Efficient Photoelectrochemical Water Splitting Reaction using Electrodeposited Co3Se4 Catalyst

Appl. Sci. 2019, 9(1), 16; https://doi.org/10.3390/app9010016
Reviewer 1: Anonymous
Reviewer 2: Anonymous
Appl. Sci. 2019, 9(1), 16; https://doi.org/10.3390/app9010016
Received: 25 October 2018 / Revised: 11 December 2018 / Accepted: 17 December 2018 / Published: 21 December 2018
(This article belongs to the Special Issue Nanomaterials for Solar Water Splitting)

Round 1

Reviewer 1 Report

In the manuscript the authors suggest Co3Se4 as a possible alternative protection and HER layer for PEC water splitting. While the manuscript is generally interesting a few additional experiment results should be included to really indicate the suitability of the prepared layers.
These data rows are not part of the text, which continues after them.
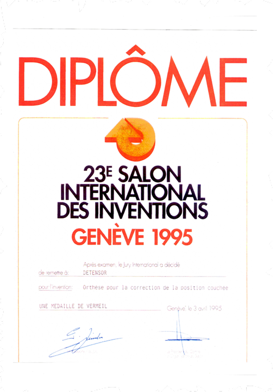 Международное жюри решением присудило награду за изобретение — ортез для коррекции положения лежа («Orthese pour la correction de la position couchée»).
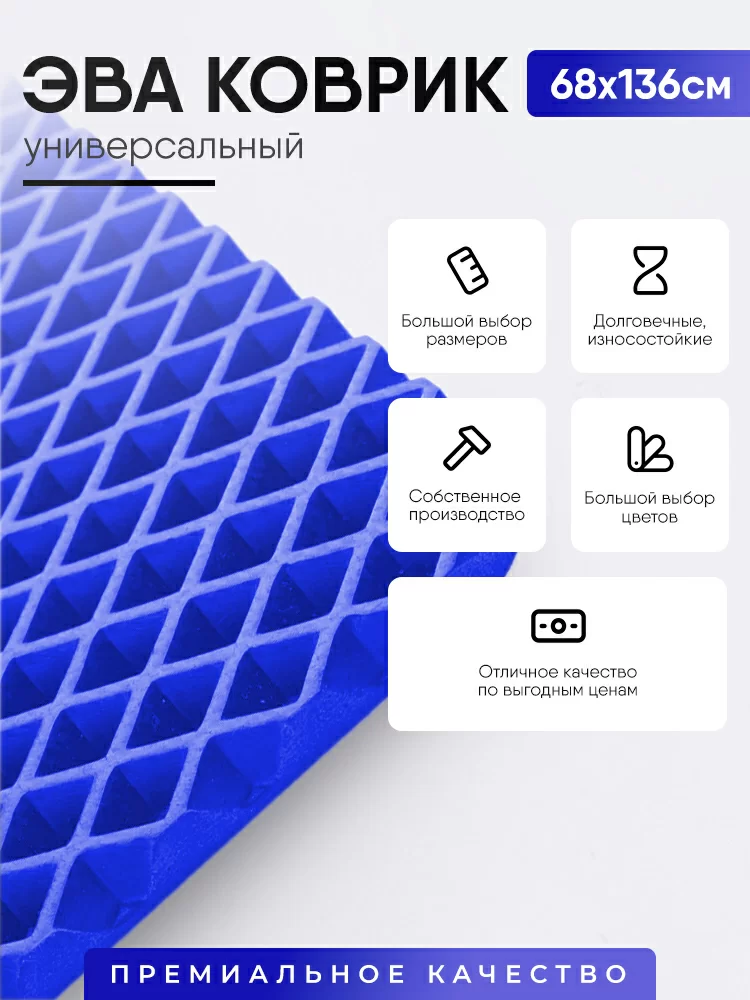 Приобретая ЭВА Коврик синий ромб размер 68х136 в нашей компании, вы получаете гарантированное качество продукции, поддержку на всех этапах и оперативную доставку по всей России.
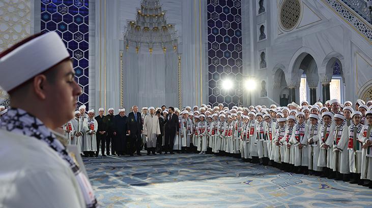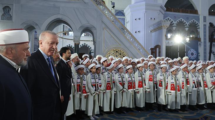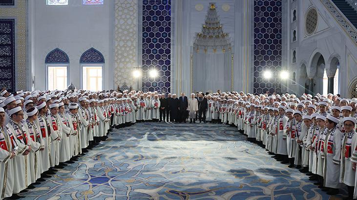 Cumhurbaşkanı Erdoğan, Çamlıca Camisi’nde, imam hatip okulları ile Kur’an kurslarında hafızlık eğitimlerini tamamlayan öğrencilerin tekbirleriyle karşılandı.
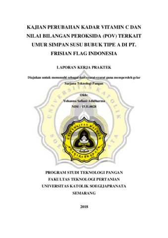Adidharma, Yohanna Sofiani KAJIAN PERUBAHAN KADAR VITAMIN C DAN NILAI BILANGAN PEROKSIDA (POV) TERKAIT UMUR SIMPAN SUSU BUBUK TIPE A DI PT. FRISIAN FLAG INDONESIA. Project Report. Unika Soegijapranata Semarang, Semarang.
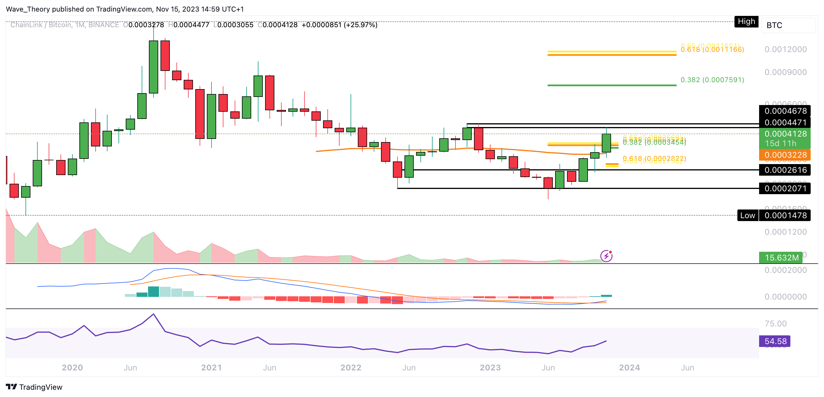 Auch gegen BTC konnte Chainlink den Golden Ratio Widerstand bei rund 0,00036 BTC brechen. Damit stößt der LINK Kurs jetzt zwischen rund 0,000447 BTC und 0,000468 BTC auf signifikanten Widerstand.
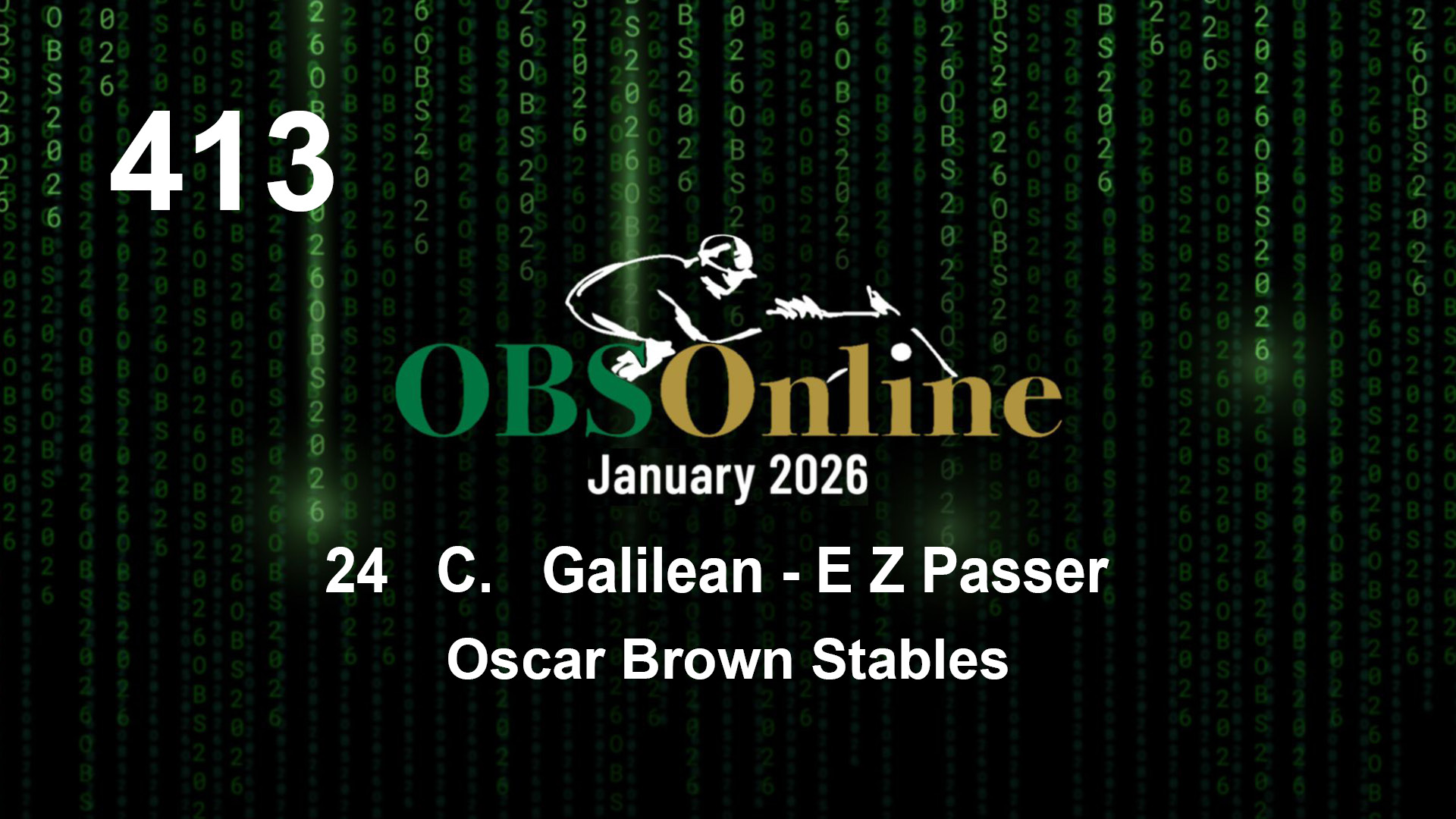 | 413 | Slate | Lower-Third | 2/23/2024 | C | Galilean | E Z Passer | Oscar Brown Stables | 15 | 7 | 8 | 9 | |
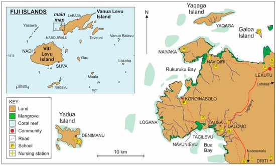 The study area in western Vanua Levu Island falls wholly within the province of Bua (Figure 1), which is governed at subnational level by the District Office that falls under the Commissioner Northern’s Office. Dominated by iTaukei people (79% in 2007 Census), much effective control on development in Bua is exercised by the Bua Provincial Council and traditionally through the chiefly hierarchy. Whether on the main island or a smaller one, most people in Bua live along its coasts and subsist at least in part from foods that they produce or acquire from their own land as well as nearshore (ocean) areas; coral-reef and mangrove ecosystems are key to most subsistence livelihoods. The Labasa-Nabouwalu highway—the only sealed road on Vanua Levu Island—runs through Bua. There is a full-service hospital in Labasa, a sub-divisional hospital in Nabouwalu, and a scatter of ‘nursing stations’ with a resident medical professional.
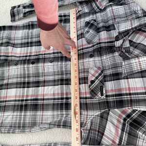 Get ready to hit the waves in this stylish Oakley button-up shirt for men. With a classic fit and a plaid pattern in white and black, this shirt is perfect for any occasion, from casual outings to workwear to parties. The long sleeves and collared neckline provide a comfortable and professional look, while the button closure adds a touch of sophistication. Made from machine-washable polyester flannel, this shirt is easy to care for and durable. The shirt is designed with accents that include buttons, and the collar style is pointed. The shirt is available in size small, with a chest size of 40 inches. This shirt is perfect for anyone who loves the surf, the beach, colorful designs, skate themes, and comfortable clothing.
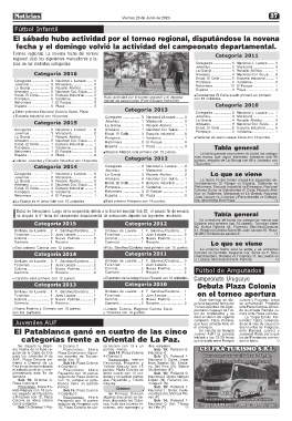 Colonia se ubica octavo Paysandú con 18 puntos bían disputado los Clási- Sub 14: Peñarol 1-
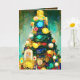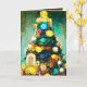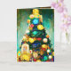 Este cartão de Natal é luxuoso em sua riqueza! Árvore realista com decorações de fita grossa e cores ricas. Desenho em aquarela estilo Gustav Klimt feito por mim.
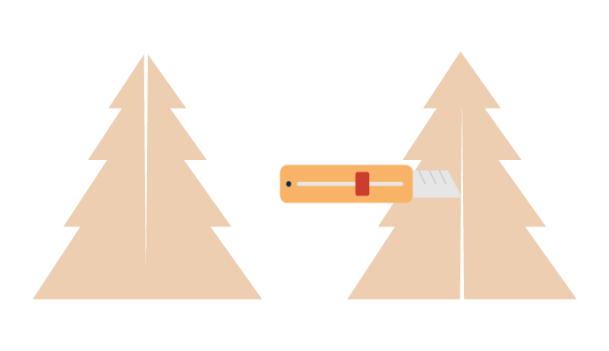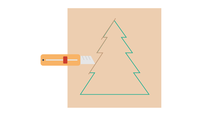 Usando tijeras, un cuchillo o una regla, corta el cartón siguiendo la forma del árbol. Para obtener un corte fino, usa la herramienta que sea más precisa.

Also the use of Co3Se4 as an OER material (at strength conditions, pH 8) is rather distractive and interfere with the general massage of the manuscript. So it is encourage to focus the manuscript as suggested by the title to PEC applications. Points that should be addressed:

-          An important point is stability of the prepared devices. This should be convincingly addressed in the manuscript, e.g. by extended measurements or determination of FE

-          Characterization of the nanostructured Si should be provided, e.g. SEM

-          In the experimental section it should be mentioned how efficiencies were calculated and a description of the standard protocol for sample cleaning should be included.

-     The experimental conditions should be stated in the figure captions, e.g. electrolytes used

-          A few relevant papers are missing in the introduction and in the general discussion of the  results. The authors should include the following articles: DOI: 10.1021/acs.jpclett.5b00495 (comparison planar vs microwire PEC with CoP HER catalysts), DOI: 10.1039/C5EE02188J (Limits of Pt HER catalyst in PEC), 10.1039/C6EE02215D and 10.1002/aenm.201400739 (alternative non-noble metal catalytic coatings)  
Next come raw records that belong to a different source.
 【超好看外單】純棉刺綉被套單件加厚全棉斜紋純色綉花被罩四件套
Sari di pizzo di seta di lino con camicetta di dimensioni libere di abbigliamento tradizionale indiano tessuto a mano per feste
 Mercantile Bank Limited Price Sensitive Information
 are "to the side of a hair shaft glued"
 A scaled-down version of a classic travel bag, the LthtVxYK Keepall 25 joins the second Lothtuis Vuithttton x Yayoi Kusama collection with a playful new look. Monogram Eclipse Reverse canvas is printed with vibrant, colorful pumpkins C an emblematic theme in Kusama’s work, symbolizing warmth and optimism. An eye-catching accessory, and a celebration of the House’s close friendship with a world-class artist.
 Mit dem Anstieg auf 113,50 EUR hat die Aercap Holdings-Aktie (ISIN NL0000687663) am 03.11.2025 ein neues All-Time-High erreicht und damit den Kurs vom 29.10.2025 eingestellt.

-          The experimental conditions seem to be not appropriate to determine the ESCA. In fact it is not really clear what the purpose of the measurements is as the comparison with FTO samples is missing. For Tafel slope and exchange current density calculations the precise surface area should have been used.

Author Response

We appreciate your kind consideration and the reviewers for providing their valuable comments/suggestions to improve the quality of our recent submission for the consideration of publication by Applied Sciences (Manuscript ID: applsci-386504). According to the reviewers’ comments, we have thoroughly revised the paper. We hope this revision can meet the reviewers’ and your requirements. The followings are our point-by-point responses: 



Author Response File: Author Response.pdf

Reviewer 2 Report

I think this paper is well written and interesting.

I have some suggestions:


The figure numbering is wrong

 line 195: figure 2a should be figure 3; line 212 figure 2 should be figure 3.


The SEM images of samples deposited on fro and GC should be added to have a better idea of their morphology and to understand better the difference between the sample deposited for 20s and that deposited for 25s.

The authors did not say anything about the junction formed between the SiO2/Si and Co2SeO4. What is the relative positions of CB and VB edges for Si and Co3Se4. What is the effect of the SiOx barrier?

I also don't think that the behavior of Co3Se4 on FTO is identical to that on Si. The authors should discuss this aspect in greater detail.

Author Response

We appreciate your kind consideration and the reviewers for providing their valuable comments/suggestions to improve the quality of our recent submission for the consideration of publication by Applied Sciences (Manuscript ID: applsci-386504). According to the reviewers’ comments, we have thoroughly revised the paper. We hope this revision can meet the reviewers’ and your requirements. The followings are our point-by-point responses: 



Author Response File: Author Response.pdf

Round 2

Reviewer 1 Report

While the manuscript has certainly improved since the initial submission the stability of the device, i.e. the photocathode has not been convincingly addressed. The authors must provide stability data of the photocathode operated at its max. power point (0.2V vs RHE for Co3Se4/NSi(15 sec), 0.1V vs RHE for Co3Se4/NSi(10 sec)). Currently the stability measurement is meaningless as the substrate (not even specified) might not corrode during testing. Si however will corrode/passivate upon contact with the electrolyte, i.e. in case porous Co3Se4 films are deposited. Along with a chronoamperometric (CA) measurement (2hours are not sufficient as state-of-the-art devices operate for > 100h) a CV after CA measurement should be shown.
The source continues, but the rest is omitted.